#### Dataset

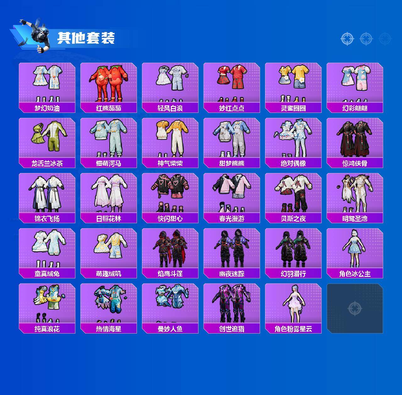 套装-缤纷油彩,套装-蝶舞迷情,套装-星空之魅,套装-暖熊萌萌,套装-旋转彩虹,套装-寒光使者,套装-第五大道,套装-仲夏莫吉托,角色-小可学妹,套装-莲影清波,角色-电磁星,角色-千金淑猫,角色-女娲灵识,角色-樱桃泡泡,套装-鹰眼刺客,套装-呆萌铁蟹
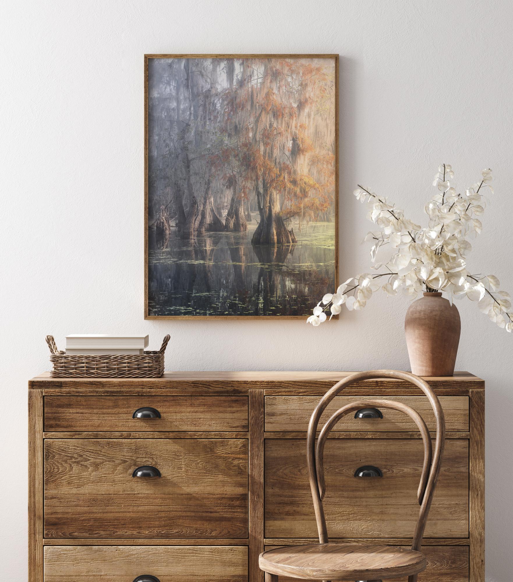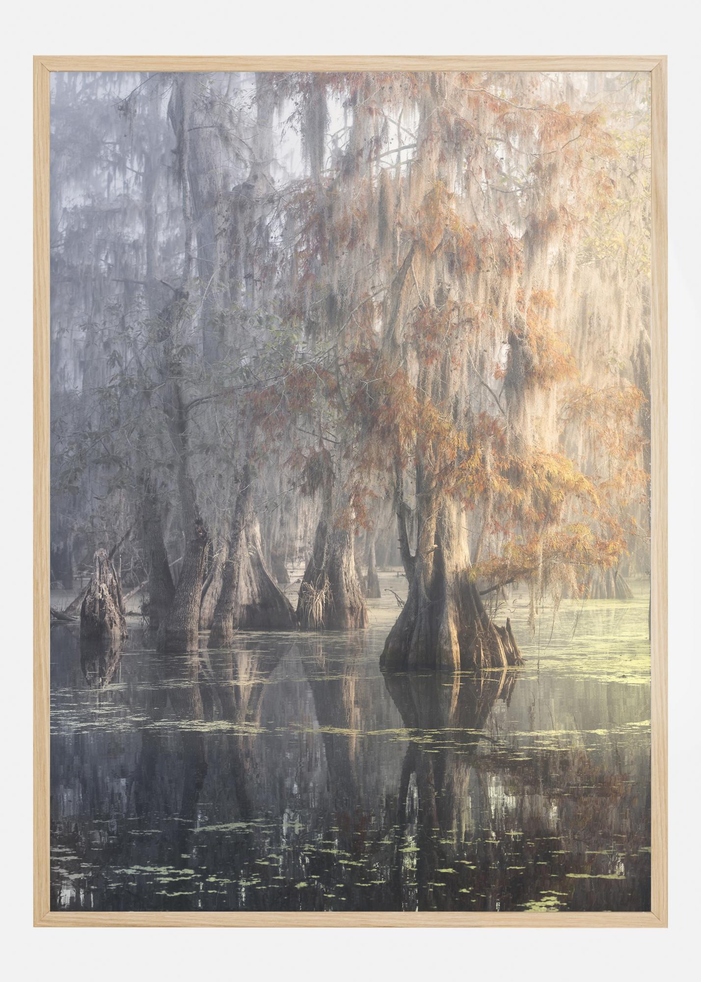 Un póster fascinantemente hermoso con un pantano en Louisiana. Una imagen apacible de un pantano con agua quieta. La luz natural crea reflejos perfectos en el pantano y crea una sensación de calma. Trae la naturaleza a tu hogar con los hermosos tonos verdes y marrones de esta impresión.
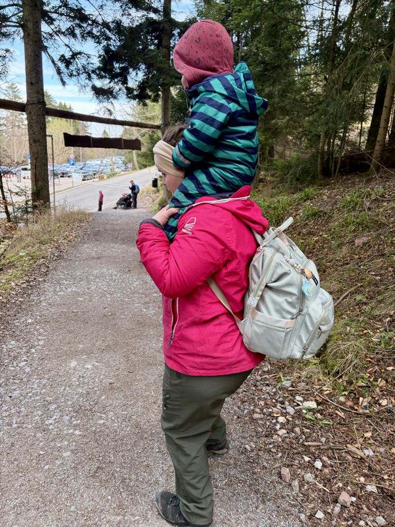Da war der Mächenweg schon wieder zu Ende. Der Jüngste durfte den Rückweg auf erhöhter Position genießen.
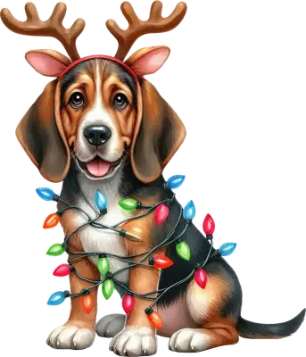 Christmas Beagle Puppy DTF Transfer with Reindeer Antlers & Lights
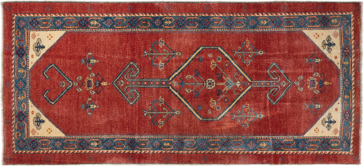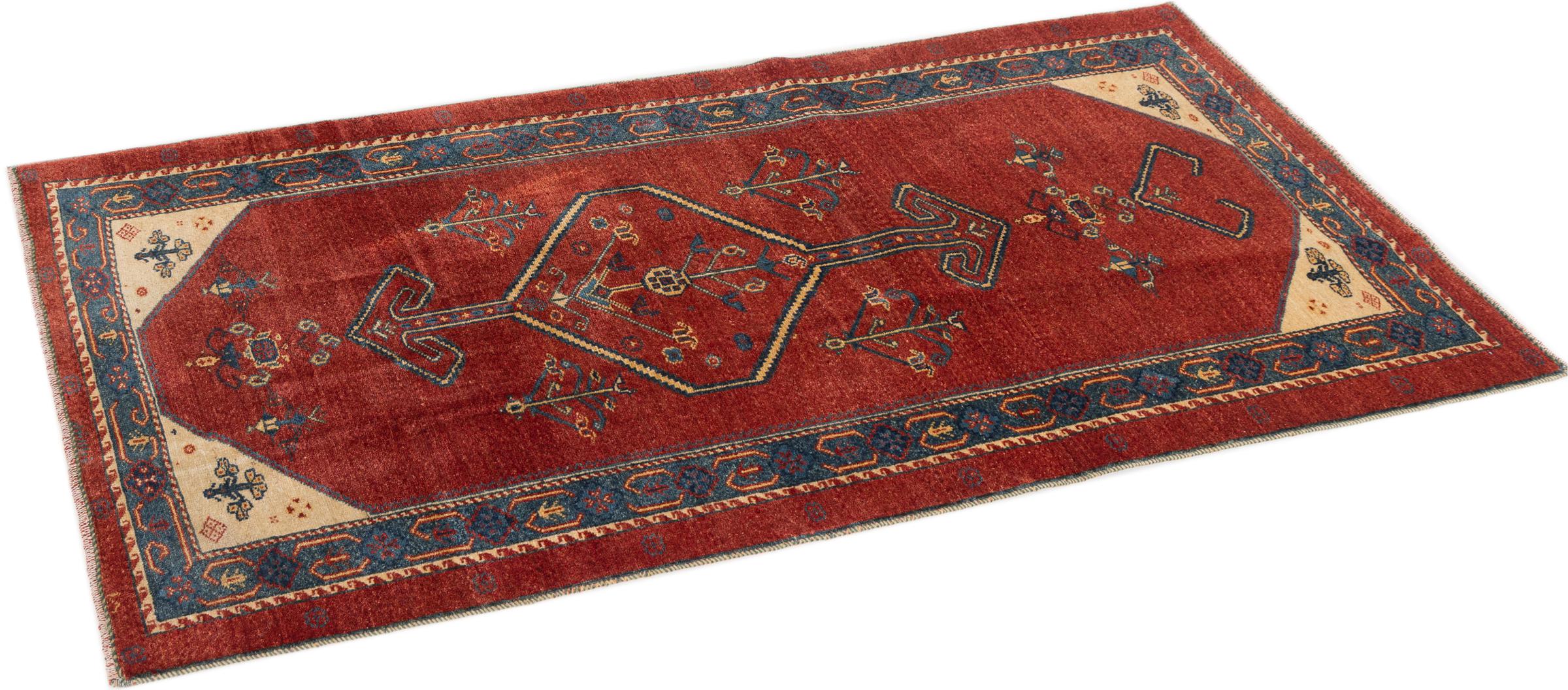 Tapijt ID: 298598008490 Grootte: 191x86 cm Dikte: ap. 12 mm Knoopdichtheid: 160 000 - 200 000 / m² Verwerking: Handgeknoopte Pool: Hand gesponnen wol Schering: Wol Oorsprong: Perzië / Iran Leeftijd: Nieuw Gewicht: ap. 6 kg Op voorraad: Uniek - Nog maar 1 op voorraad
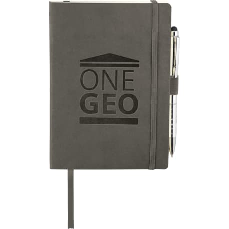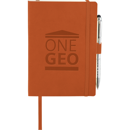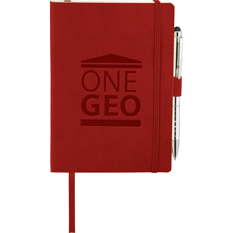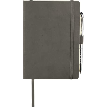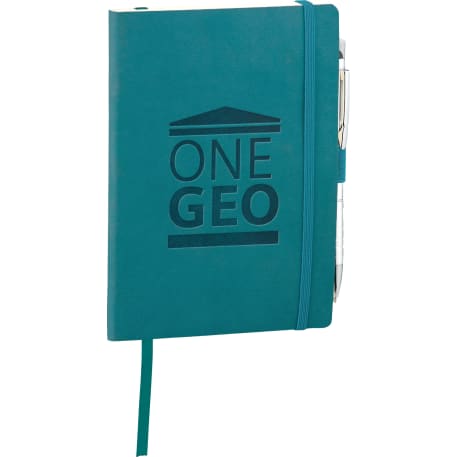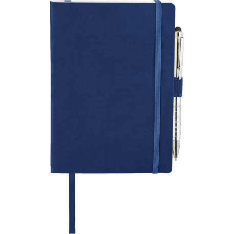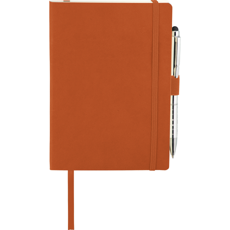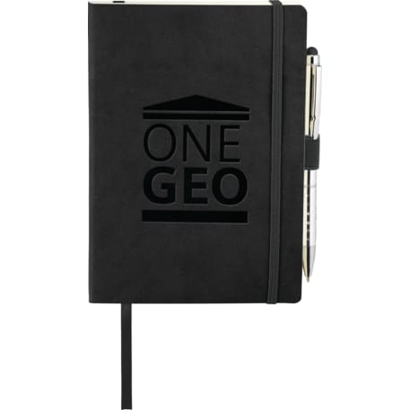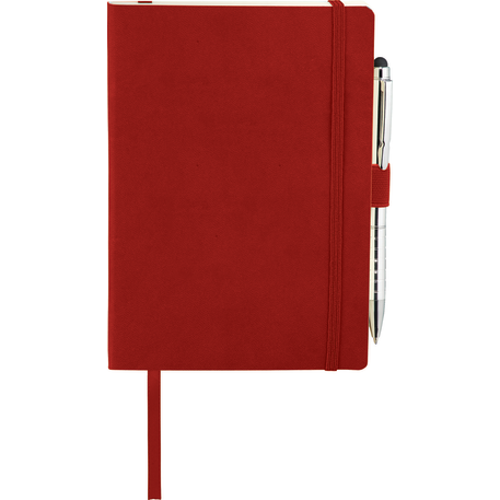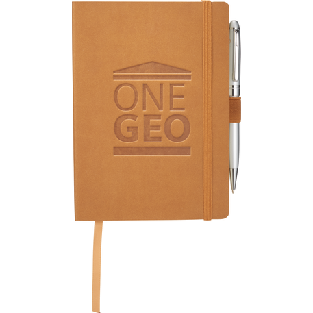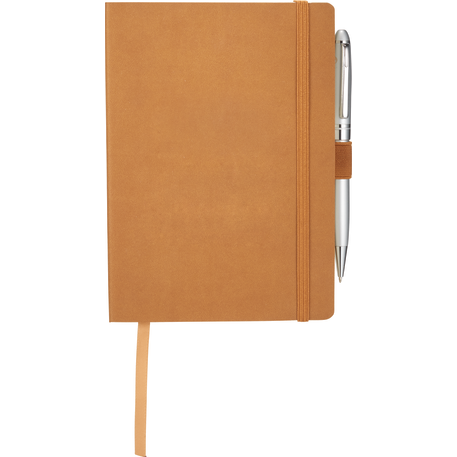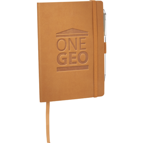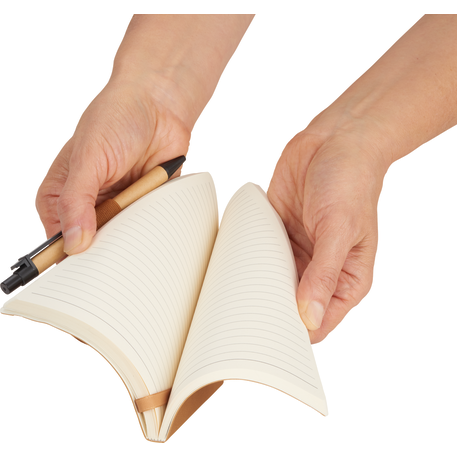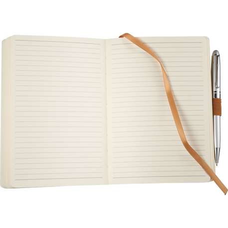Flexible, soft cover with built in elastic closure. Ribbon page marker.Pen loop. Document pocket on interior back cover. Includes 80 sheets of cream lined paper. Pen is not included.
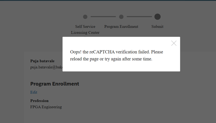 I am trying to enroll for NIOS V license, but it gives me error message as a reCAPTCHA Verification failed.
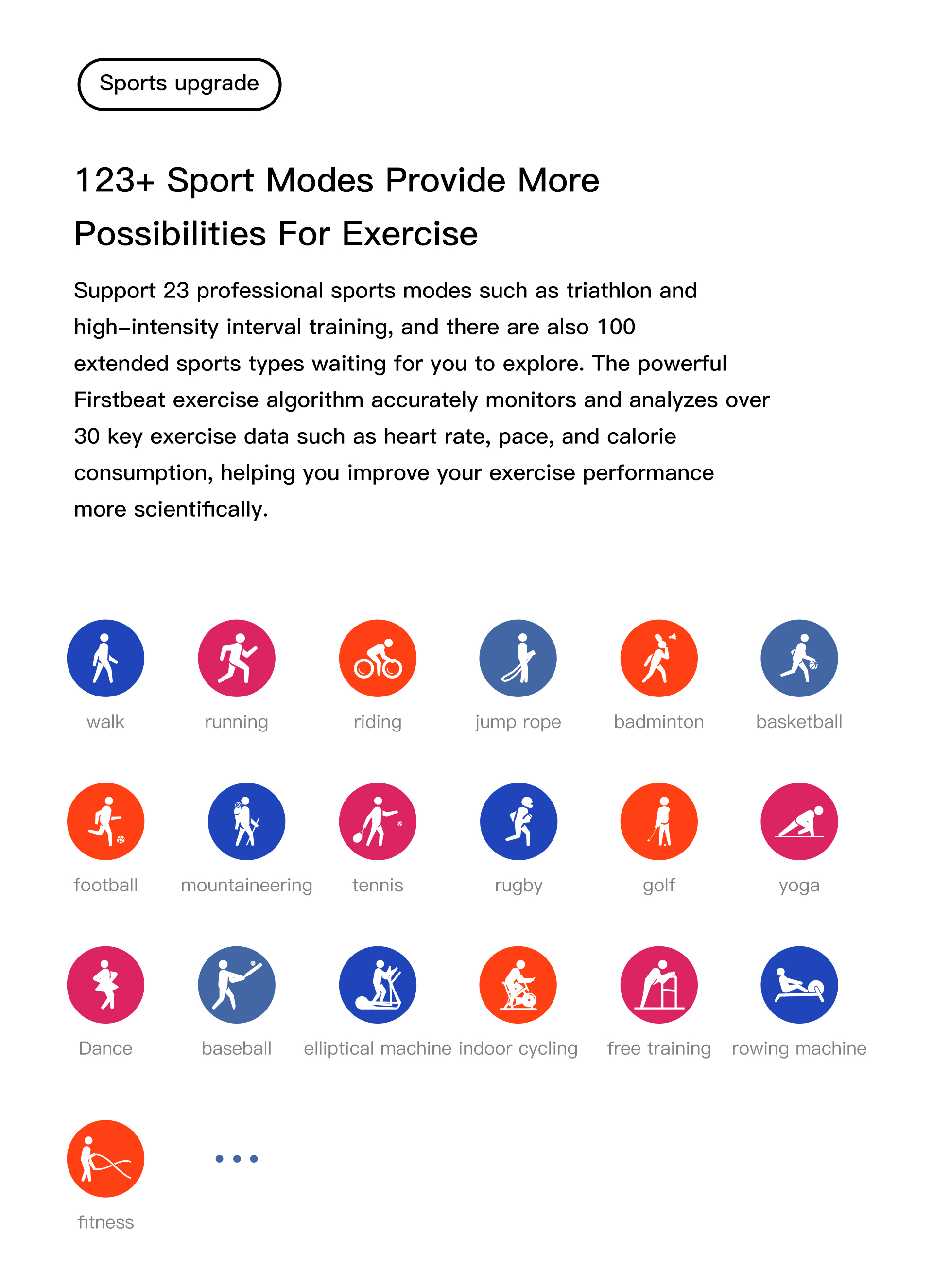 *100 Plus Sports Modes* The watch supports 123 sports modes such indoor running, walking, rope skipping, swimming, cycling mountaineering and other sports modes.Calculate your exercise time, calories burned, heart rate, etcto keep you motivated, or keep trying, and see how youare how you have performed recently.

#### Task to complete
Leave the pictures out. Repeat every entry above exactly.

#### Written response
 套装-缤纷油彩,套装-蝶舞迷情,套装-星空之魅,套装-暖熊萌萌,套装-旋转彩虹,套装-寒光使者,套装-第五大道,套装-仲夏莫吉托,角色-小可学妹,套装-莲影清波,角色-电磁星,角色-千金淑猫,角色-女娲灵识,角色-樱桃泡泡,套装-鹰眼刺客,套装-呆萌铁蟹
 Un póster fascinantemente hermoso con un pantano en Louisiana. Una imagen apacible de un pantano con agua quieta. La luz natural crea reflejos perfectos en el pantano y crea una sensación de calma. Trae la naturaleza a tu hogar con los hermosos tonos verdes y marrones de esta impresión.
Da war der Mächenweg schon wieder zu Ende. Der Jüngste durfte den Rückweg auf erhöhter Position genießen.
 Christmas Beagle Puppy DTF Transfer with Reindeer Antlers & Lights
 Tapijt ID: 298598008490 Grootte: 191x86 cm Dikte: ap. 12 mm Knoopdichtheid: 160 000 - 200 000 / m² Verwerking: Handgeknoopte Pool: Hand gesponnen wol Schering: Wol Oorsprong: Perzië / Iran Leeftijd: Nieuw Gewicht: ap. 6 kg Op voorraad: Uniek - Nog maar 1 op voorraad
Flexible, soft cover with built in elastic closure. Ribbon page marker.Pen loop. Document pocket on interior back cover. Includes 80 sheets of cream lined paper. Pen is not included.
 I am trying to enroll for NIOS V license, but it gives me error message as a reCAPTCHA Verification failed.
 *100 Plus Sports Modes* The watch supports 123 sports modes such indoor running, walking, rope skipping, swimming, cycling mountaineering and other sports modes.Calculate your exercise time, calories burned, heart rate, etcto keep you motivated, or keep trying, and see how youare how you have performed recently.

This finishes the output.